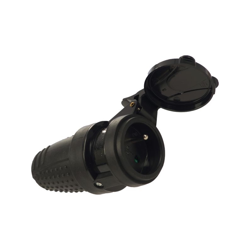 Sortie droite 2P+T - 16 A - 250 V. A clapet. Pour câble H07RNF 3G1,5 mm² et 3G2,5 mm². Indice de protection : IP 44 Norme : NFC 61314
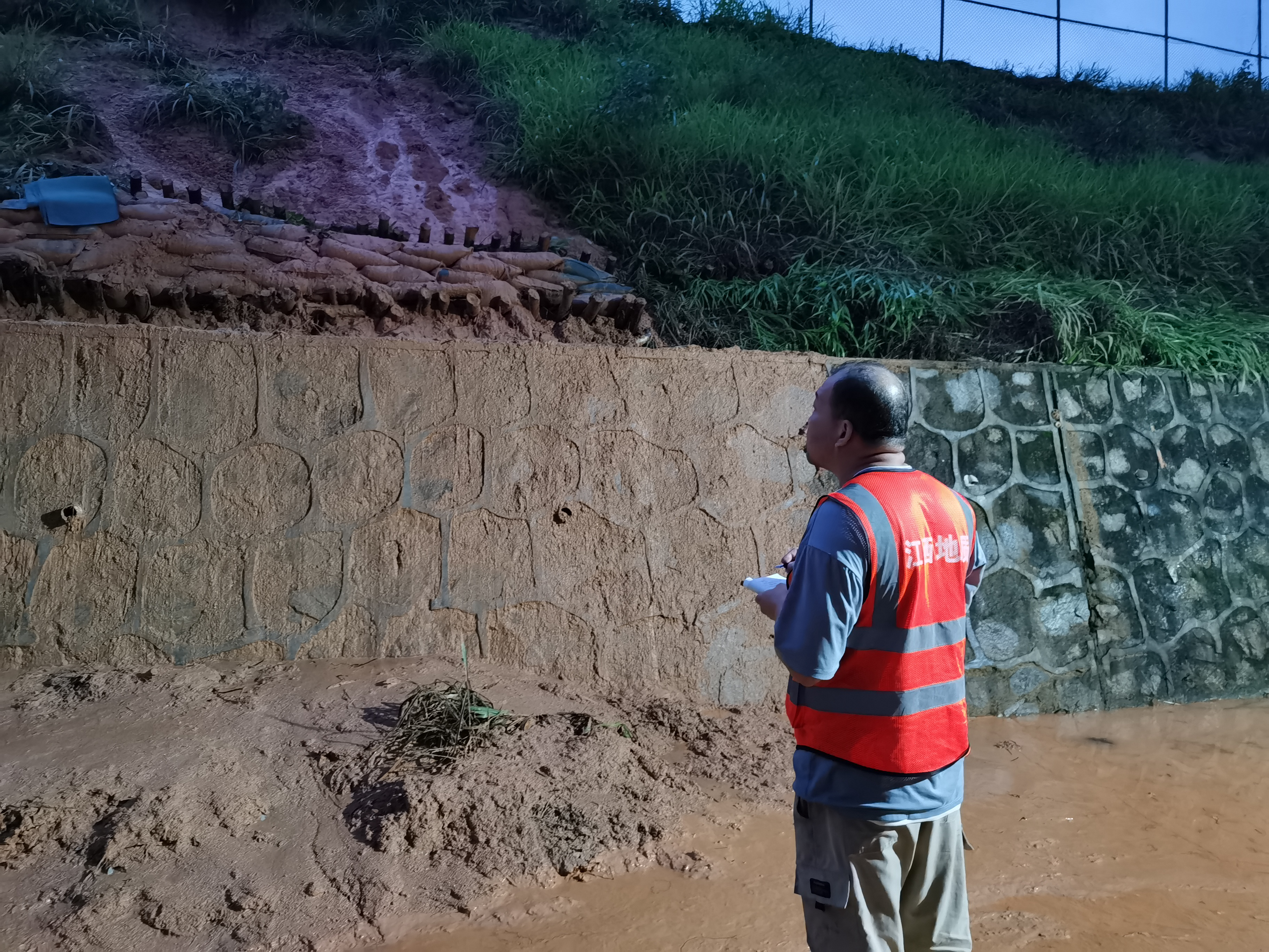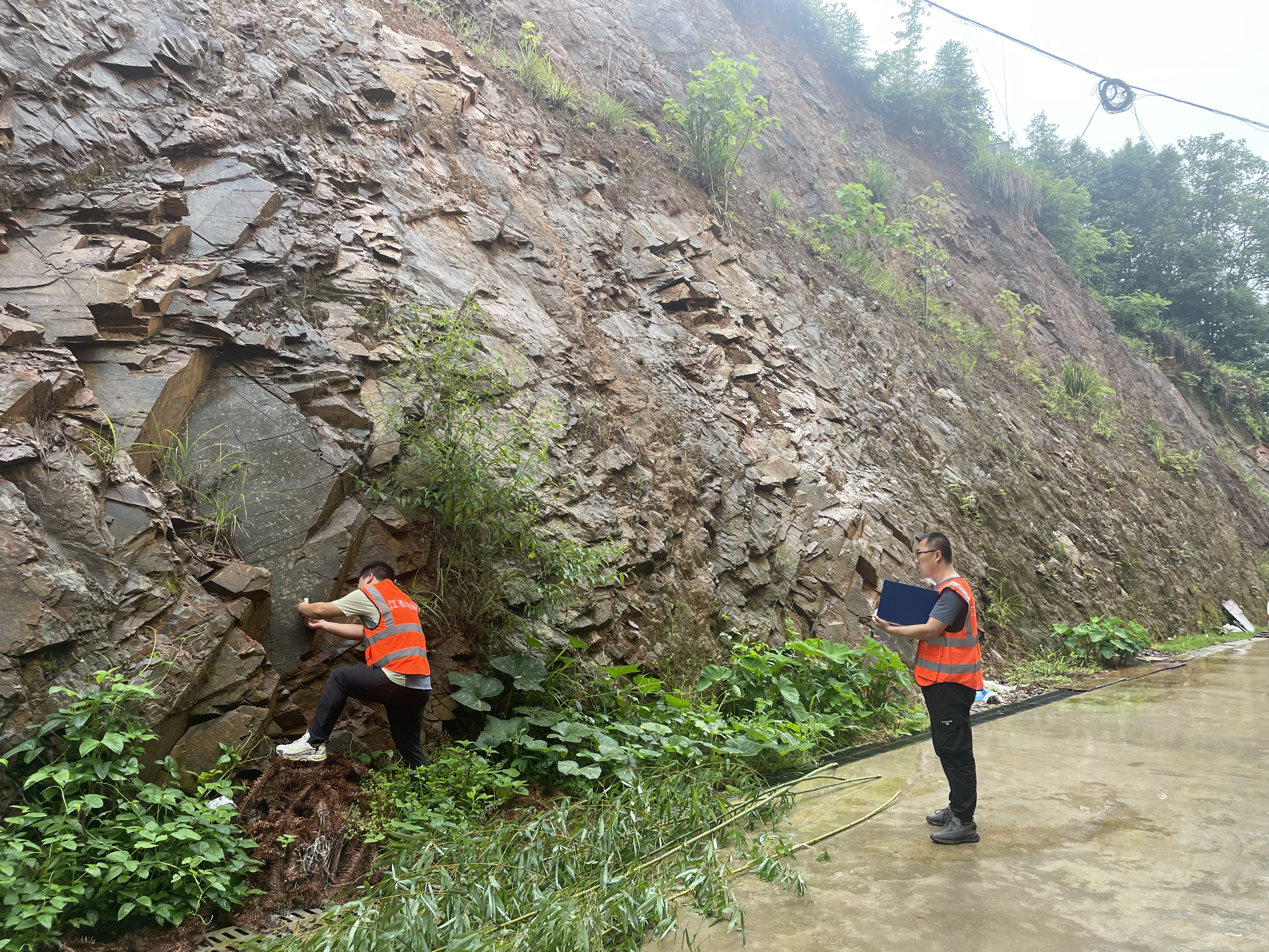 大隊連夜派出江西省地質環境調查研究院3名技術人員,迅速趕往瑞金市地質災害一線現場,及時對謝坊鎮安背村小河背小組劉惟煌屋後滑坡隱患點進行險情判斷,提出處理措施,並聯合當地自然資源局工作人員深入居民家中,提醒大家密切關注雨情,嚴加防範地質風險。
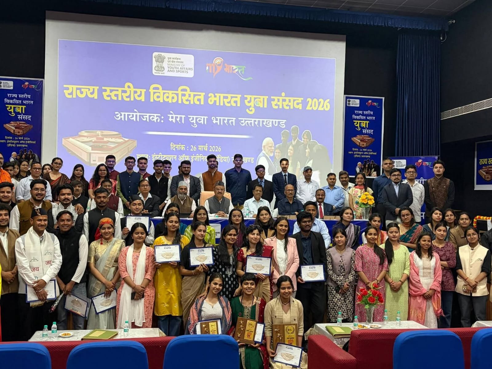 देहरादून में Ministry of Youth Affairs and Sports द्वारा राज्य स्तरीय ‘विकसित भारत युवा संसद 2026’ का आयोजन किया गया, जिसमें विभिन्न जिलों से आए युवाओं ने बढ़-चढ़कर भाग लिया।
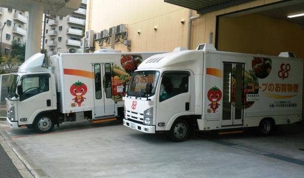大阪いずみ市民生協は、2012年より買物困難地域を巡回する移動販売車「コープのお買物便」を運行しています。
****************
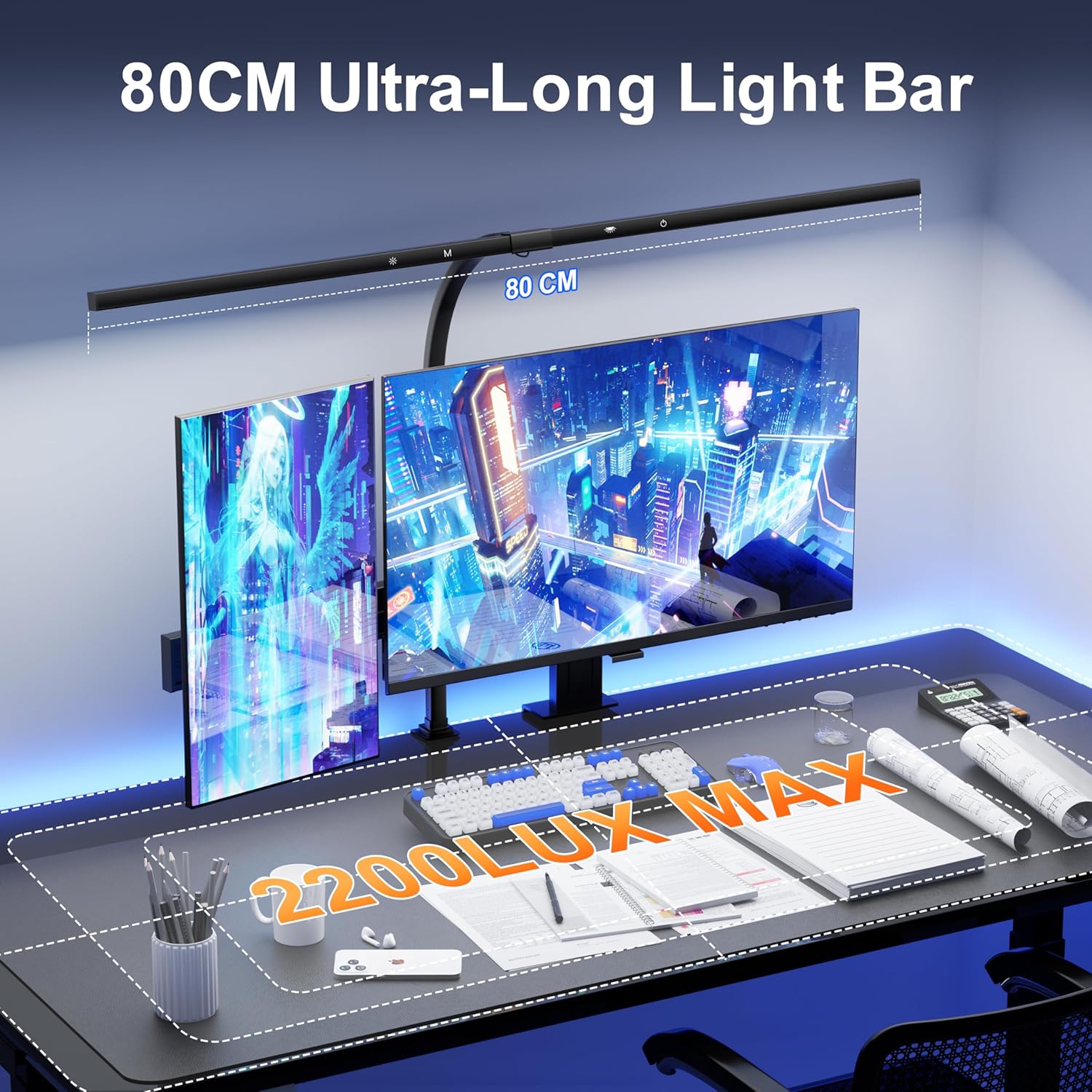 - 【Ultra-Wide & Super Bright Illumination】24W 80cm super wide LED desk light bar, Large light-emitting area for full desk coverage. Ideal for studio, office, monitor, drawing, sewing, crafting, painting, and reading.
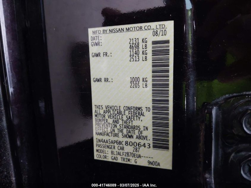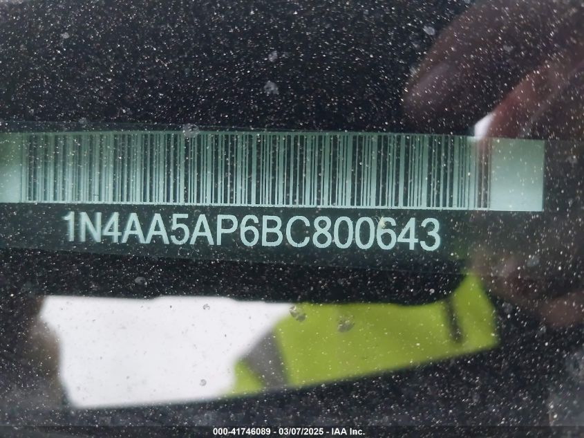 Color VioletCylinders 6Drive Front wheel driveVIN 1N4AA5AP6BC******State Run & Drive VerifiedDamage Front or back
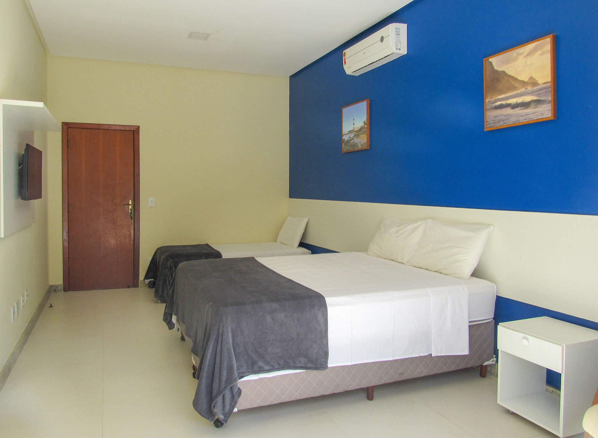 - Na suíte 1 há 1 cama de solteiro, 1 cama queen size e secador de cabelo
****************
> _Assignment_: Where a picture appears in the records above, omit it, and transcribe exactly the stretch of lines from the one with "Color VioletCylinders 6Drive" through the one with "- Na suíte 1".

> _Exercise answer_:
 Color VioletCylinders 6Drive Front wheel driveVIN 1N4AA5AP6BC******State Run & Drive VerifiedDamage Front or back
 - Na suíte 1 há 1 cama de solteiro, 1 cama queen size e secador de cabelo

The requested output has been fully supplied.